Task goal:
Only the lines from the line that contains "As part of the" through the final line of the entries below belong in your answer, copied exactly and without pictures.

^^^^^^^^

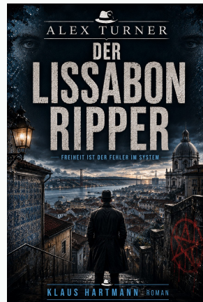
Der Lissabon Ripper
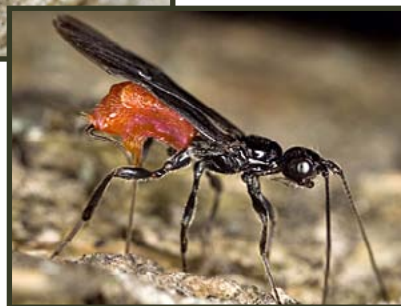
Figure 19. Atanycolus sp., parasitoid of emerald ash borer
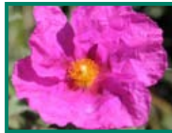
Sunset Rock Rose

As part of the project, crews will weed, water and replace failing plants on the neighborhood side of the noise wall for three years to help establish new plants. After three years, continued care of the landscaping will require community effort to ensure ongoing success.
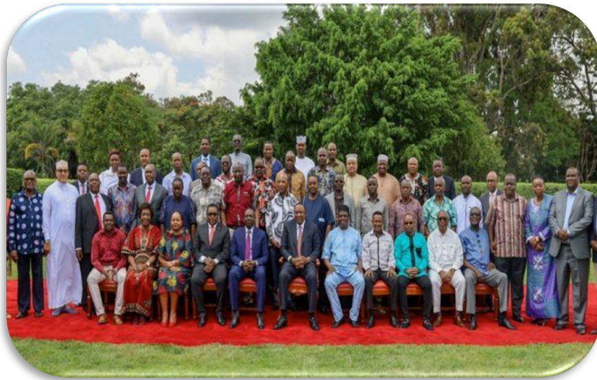
Figure 8: H.E. the President with Governors and Cabinet Secretaries during the 8th National and County Governments Coordination Summit at State House in February, 2020

of the ballooning public wage bill. The Summit resolved to among other things fast track the payment of pending bills in the counties, step up the fight against corruption, fast track finalization of the Disaster Risk Management and Digital Platform for Relief Assistance framework among others.

^^^^^^^^

Solution:
As part of the project, crews will weed, water and replace failing plants on the neighborhood side of the noise wall for three years to help establish new plants. After three years, continued care of the landscaping will require community effort to ensure ongoing success.
Figure 8: H.E. the President with Governors and Cabinet Secretaries during the 8th National and County Governments Coordination Summit at State House in February, 2020

of the ballooning public wage bill. The Summit resolved to among other things fast track the payment of pending bills in the counties, step up the fight against corruption, fast track finalization of the Disaster Risk Management and Digital Platform for Relief Assistance framework among others.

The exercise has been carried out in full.